Every move someone could have made in 1948 when Orwell's 1984 was written was covertly observable. Your letters could be steamed open and your telephone could be monitored 24x7. Everywhere you went, who you met and everything you purchased could have been known in detail. But this level of surveillance against a single individual was expensive, requiring round the clock teams involving 3-4 agents active on all shifts, perhaps a team of 12 to carry out full surveillance of one individual. So the state surveills few to this degree. Tyrannies with larger secret police forces do it more, and extend cheaper surviellance to everyone, by making it impossible to live without committing minor crimes with major penalties. Those caught are coerced into spying on their neighbours, relatives and friends through the threat of prosecution. But informant networks based on coercion and fear tend to report what the hearer wants to hear.

The problem concerns how many people state surveillance can affect in practice, and how much it costs the state to do it. It also concerns the centralisation of access to data which many of us collect on each other.

E.G I keep logs of email transactions on my server for myself and 4 other people. Theoretically I could be asked to hand these over, and if I neglected to keep data for the required period I could be in breach of current law. But it is implausible that the state will go after records on tiny systems like mine unless I have very good reason to want to cooperate, because someone looking after the email logs of millions of users is less likely to squeak or obstruct. Also if it costs much securely to tap directly into a single email server for the purpose of automated and remote data collection without needing prior warrant, the state will pay to do this at the largest ISPs only. If they want data from the smaller ISPs they will have to ask which takes time and costs more.

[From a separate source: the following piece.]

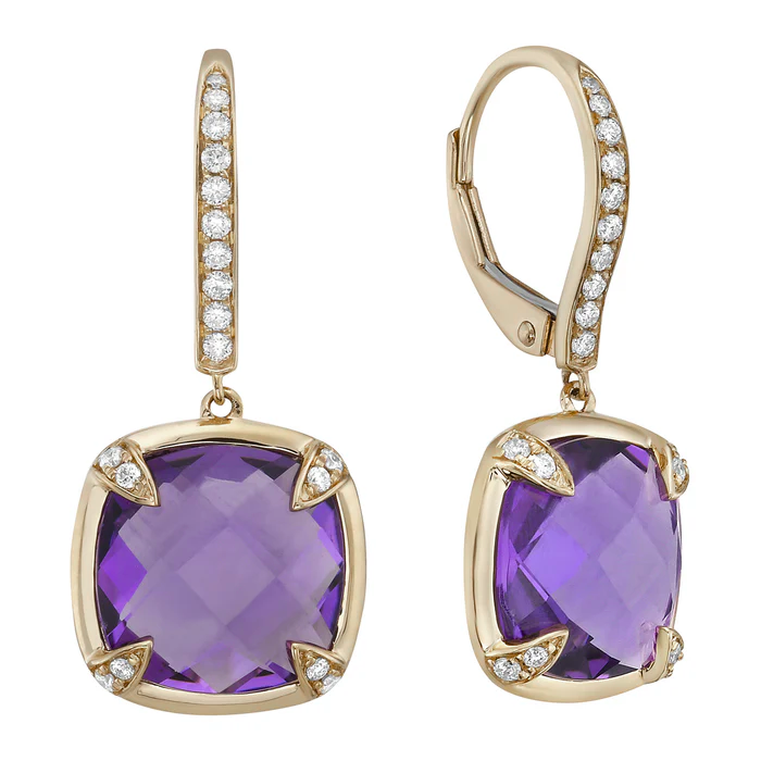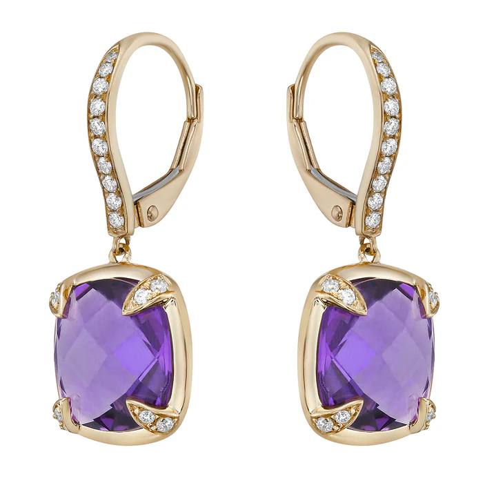 Design: Elegant dangle earrings with striking amethyst drops framed by sparkling diamond details
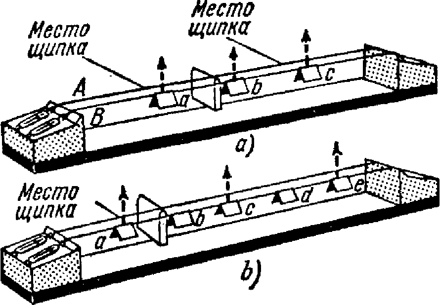 Воспользуемся сонометром с двумя струнами одинаковых размеров, из одинакового материала, одинаковой длины и натянутых до одинаковой частоты (рис. 11, а). Поместим подставку под середину струны Л, так что каждая половина струны будет издавать тон на октаву выше, чем тон струны В. Поместим теперь три бумажных рейтера на струну В в положения а, Ь, с и возбудим струну А щипком в середине одной из половин. Тот факт, что при этом соскочат рейтеры а и с, а рейтер Ь останется неподвижным, показывает, что две половины струны В колеблются таким же образом, как две половины струны Л. Поэтому каждый участок струны В звучит в том же тоне, что и возбужденный щипком участок струны Л.

The same applies to videocameras. Someone around the corner (let's call him Joe) may have installed a webcam looking at his own front path after he got burgled. While Joe keeps most of the data on his own disk, perhaps he uploads a still to his public facing website every minute or so. Chances are the local police might google his public facing website if something happens in his street. If they can do it is because Joe has deliberately put the stills where everyone and anyone can see. That's Joe's choice, but it arose from the behaviour of 'us' and not 'them'. The police are still unlikely to go after what Joe keeps on hard disk unless there is a serious local crime, in which event Joe will probably want to assist anyway. (A privately installed camera just round the corner from where I live caught someone recently putting a live cat into a wheelie bin and closing the lid on it).

So how do 'we' ensure that 'they' have the information we really want them to have at a cost sufficiently high so it is available for purposes we think are appropriate (our definition) and not for purposes we think inappropriate (e.g. use of RIPA to catch dog foulers) ? The Data Protection Act was one such attempt. Data collected for one purpose should not be used for another (with certain exceptions). As far as ANPR cameras are concerned, these systems have such great potential for abuse that limiting this needs politics as usual: campaigning, vigilance, letter writing etc. But the effects of ANPR could be mitigated if we preferred neighbourhood car pools instead of private cars most of the time, as knowing who was driving a particular car at a particular time and place would then also require a visit to the car pool record keeper. But it's very unlikely we'd choose to use car pooling mainly for this as opposed to for other reasons.

So use and setup smaller ISPs, use community currencies, run your own mailservers and VPNs etc, pool your cars and encrypt opportunistically whenever and wherever you can. But it's unlikely we will without other incentives because privacy tends always to be a secondary consideration and our willingness to have personal data collected about us is our own enemy here.